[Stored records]

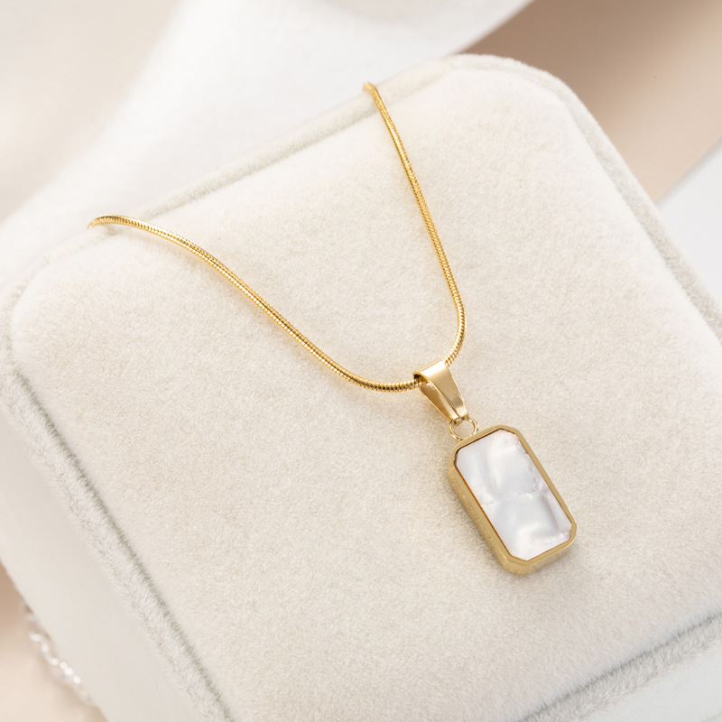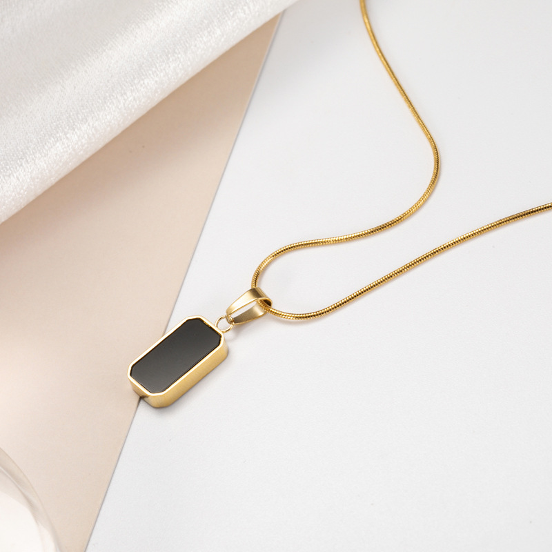 Style: SimpleMaterial: titanium steelTreatment process: electroplatingChain style: Snake-bone chainPendant material: titanium steel
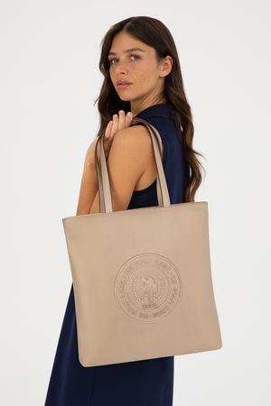 U.S. Polo Assn. altın kadın omuz çantası, sade tasarımı ve geniş iç hacmiyle günlük hayatın temposuna mükemmel uyum sağlar. Hafif ve yumuşak yapılı kumaşı sayesinde rahat taşınabilirken, omuz askıları ideal uzunluğuyla konfor sunar. Mat yüzey üzerinde yer alan kabartmalı büyük logo detayı, sadelikten ödün vermeden marka stilini yansıtır. Dosya, kitap, laptop gibi eşyalar için ideal alan sunan bu çanta; işe, alışverişe ya da hafta sonu programlarına eşlik edecek modern ve zamansız bir tamamlayıcıdır.
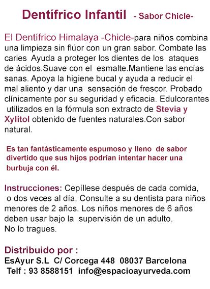 El Dentífrico Himalaya Chicle para niños combina una limpieza sin flúor con un gran sabor. Combate las caries Ayuda a proteger los dientes de los ataques de ácidos.Suave con el esmalte.Mantiene las encías sanas. Apoya la higiene bucal y ayuda a reducir el mal aliento y dar una sensación de frescor. Probado clínicamente por su seguridad y eficacia. Edulcorantes utilizados en la fórmula son extracto de Stevia y Xylitol obtenido de fuentes naturales.Con sabor natural.Es tan fantásticamente espumoso y lleno de sabor divertido que sus hijos podrían intentar hacer una burbuja con él.
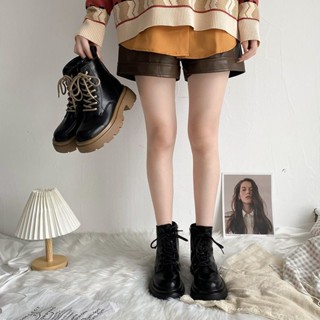 Bốt da nữ, boot nữ đế độn cổ lửng phong cách Hàn Quốc chất liệu da PU cao cấp đế cao su độn 5cm
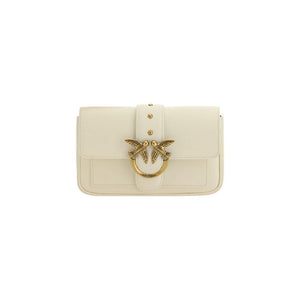 Calfskin Love One Shoulder Bag by Pinko, interlocking front fastening, adjustable and sliding chain shoulder strap, iconic Love Birds buckle embossed on the front, double internal compartment, internal zipped pocket, flat card pocket, iconic tone-on-tone embroidered brand monogram on the back.
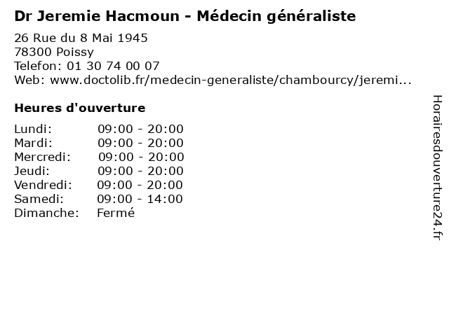 1 Lefevre Jeremie (Distance: 5,20 km) Batiment a, 78100 Saint Germain En Laye jeremie, lefevre, restaurants 2 Dr Jeremie Boutet - Médecin généraliste (Distance: 13,56 km) 104 boulevard Raymond Poincaré, 92380 Garches boutet, consultation, docteur, dr, généraliste, jeremie, med, médecin, médecine, traitement 3 Dr Jeremie Zeitoun - Pédiatre (Distance: 15,80 km) 6 Avenue de l'Île de France, 95300 Pontoise dr, enfant, jeremie, pediatre, pédiatre, sante, soins, zeitoun 4 Duphenieux Jeremie Zoltan (Distance: 16,84 km) Appartement 17, 92200 Neuilly Sur Seine duphenieux, jeremie, restaurants, zoltan 5 Maître Jeremie Nutkowicz - Avocat (Distance: 19,00 km) 26 Avenue de la grande Armée, 75017 Paris avocat, avocats, cabinet, conseils, contentieux, jeremie, juridique, justice, litiges, maître, nutkowicz, services 6 Maître Jeremie Darmon - Avocat (Distance: 19,62 km) 47 Avenue Hoche, 75008 Paris avocat, darmon, honoraires, jeremie, justice, maître, paris |
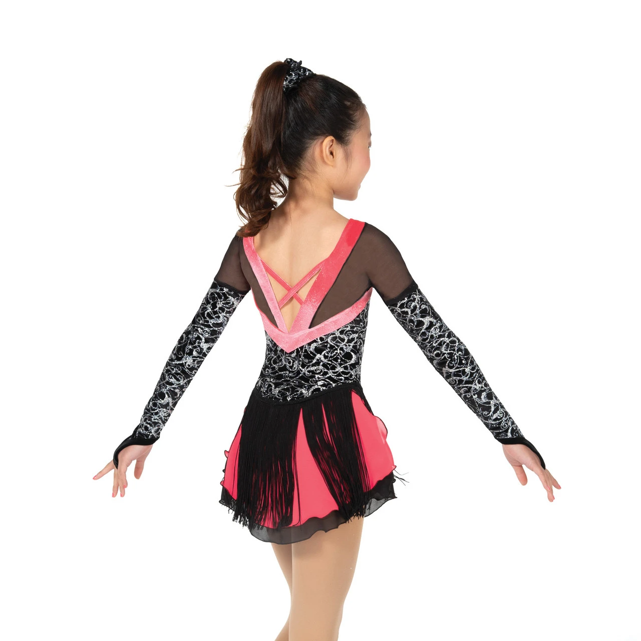 Ritzy silver swirled glitter velvet dress with long glove style sleeves with finger points, contrast shimmer velvet accents and a layered skirt with a swishy fringe overlay.
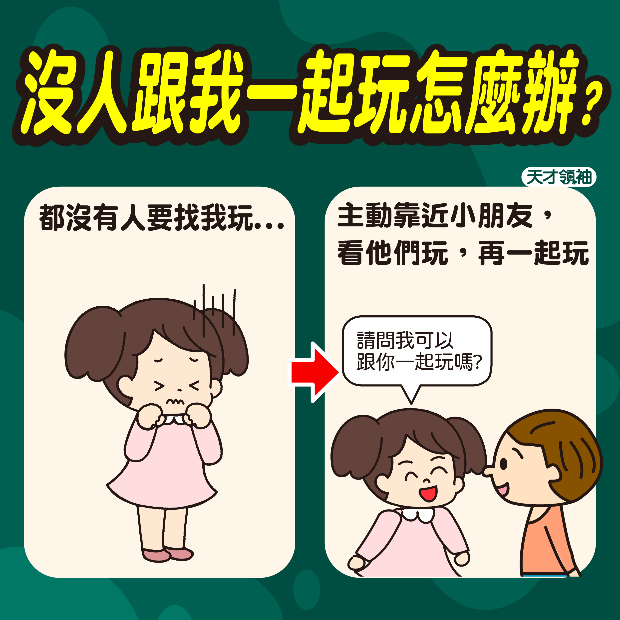 - ◆看看有沒有小朋友也沒玩伴,可以找他一起玩。
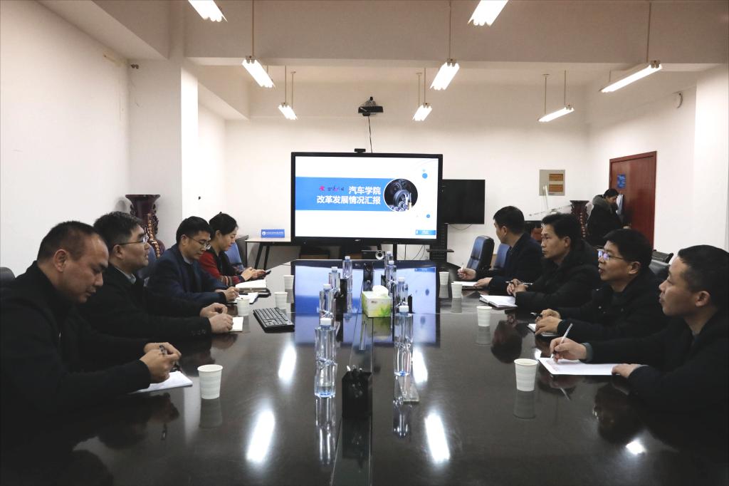 2月24日下午,商丘职业技术学院交通学院院长朱凯、党总支书记刘海洋等一行四人来汽车学院参观交流,汽车学院党总支书记轩照振陪同参观。
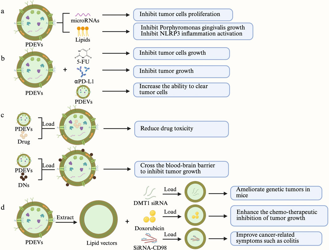 Figure 3. PDEVs as potential adjuvants for anti-genitourinary tumor therapy. (a) PDEVs serve as drugs to treat tumors. (b) PDEVs are synergistically used with other drugs to treat tumors. (c) Isolated PDEVs are directly loaded with drugs to treat tumors. (d) Extracted and reassembled PDEVs are loaded with drugs to treat tumors.
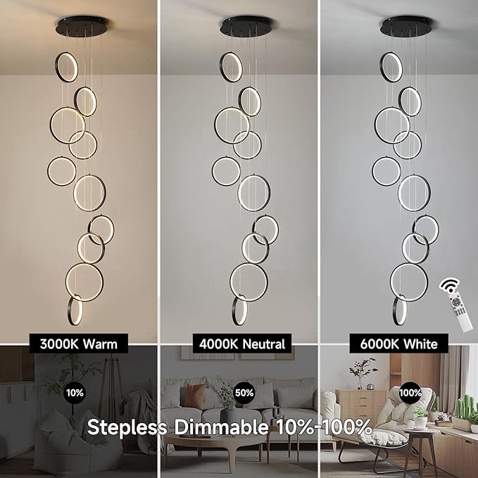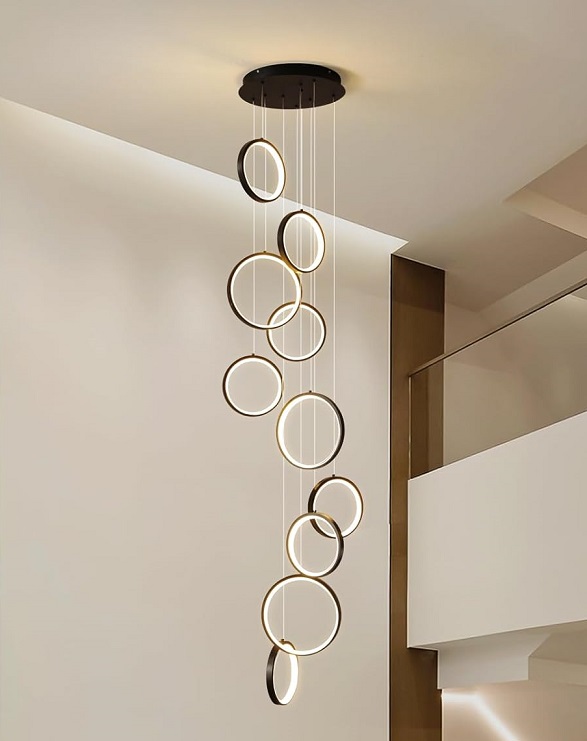 Siittoo 10-light Modern High Ceiling Chandelier, with rings, 134" - black (model: ‎2397)
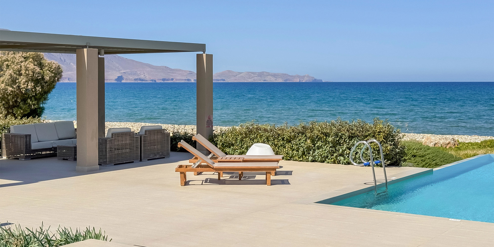 The villas are set on Korfalonas beach, a short drive from the town of Kissamos on Crete’s northwest coast.
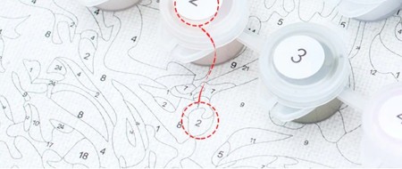 5. Każde pole oznaczone jest osobnym numerem, dobierz więc odpowiedni numer do farby i pomaluj nimi pola.
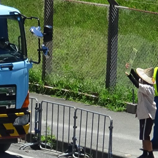 台風がまた近づいてきた。時々強雨が襲う中、約40人で抗議を続けた。台風対策のためか、資材搬入は午前中2回のみ(127台)で終了した。台風のおかげで?今週はこれで工事はなし。差し入れのスイカを頬張って「来週からまたがんばろう」とシュプレヒコールを上げ解散した。
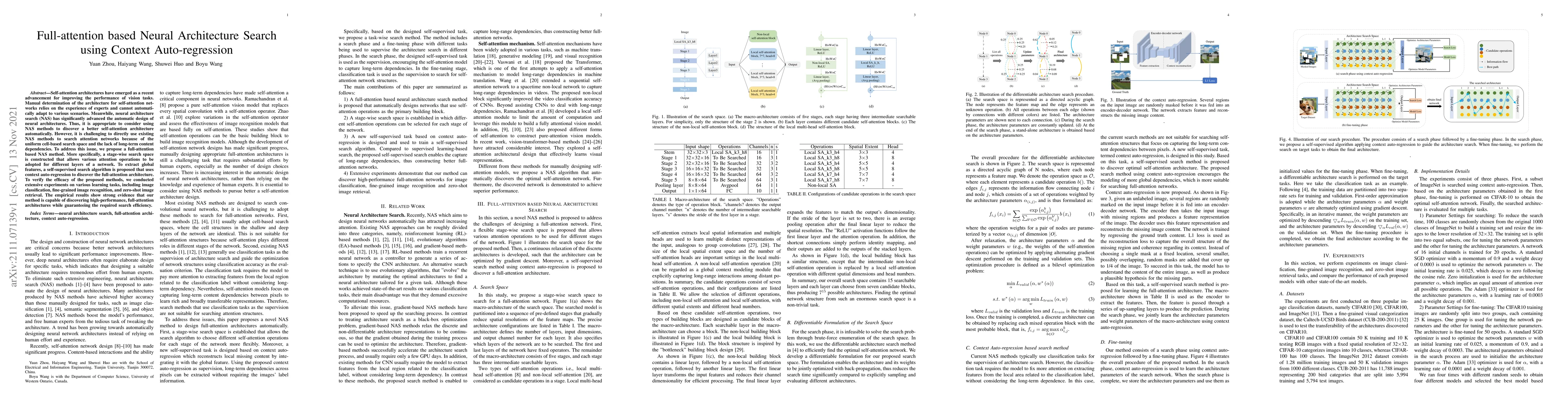 This paper proposes a neural architecture search (NAS) method for discovering self-attention networks that can adapt to various vision tasks by using a stage-wise search space and a self-supervised algorithm with context auto-regression. Experiments demonstrate the effectiveness of the method in finding high-performance full-attention architectures efficiently.
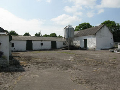 Detached three-bay two-storey farmhouse, built c.1860, with lean-to extension to rear (north). Possibly incorporating fabric of earlier building. Pitched artificial slate roof with rendered chimneystacks and uPVC rainwater goods. Rendered walls with render sill course and continuous label moulding over openings to ground floor. Square-headed window openings with painted stone sills and render surrounds throughout, having two-over-two pane timber sliding sash windows. Square-headed door opening to front (south) elevation with glazed timber door and overlight. Single-storey rubble stone outbuildings to rear having pitched corrugated-iron roofs, square-headed openings with timber battened fittings. Rendered boundary wall to east with square-profile rendered piers flanking wrought-iron gate. Set within own grounds.

**What this task involves**
Your copy should hold exactly the lines from the line bearing "This paper proposes" through the end of the data, both included, and no pictures or anything further.

**Your solution**
 This paper proposes a neural architecture search (NAS) method for discovering self-attention networks that can adapt to various vision tasks by using a stage-wise search space and a self-supervised algorithm with context auto-regression. Experiments demonstrate the effectiveness of the method in finding high-performance full-attention architectures efficiently.
 Detached three-bay two-storey farmhouse, built c.1860, with lean-to extension to rear (north). Possibly incorporating fabric of earlier building. Pitched artificial slate roof with rendered chimneystacks and uPVC rainwater goods. Rendered walls with render sill course and continuous label moulding over openings to ground floor. Square-headed window openings with painted stone sills and render surrounds throughout, having two-over-two pane timber sliding sash windows. Square-headed door opening to front (south) elevation with glazed timber door and overlight. Single-storey rubble stone outbuildings to rear having pitched corrugated-iron roofs, square-headed openings with timber battened fittings. Rendered boundary wall to east with square-profile rendered piers flanking wrought-iron gate. Set within own grounds.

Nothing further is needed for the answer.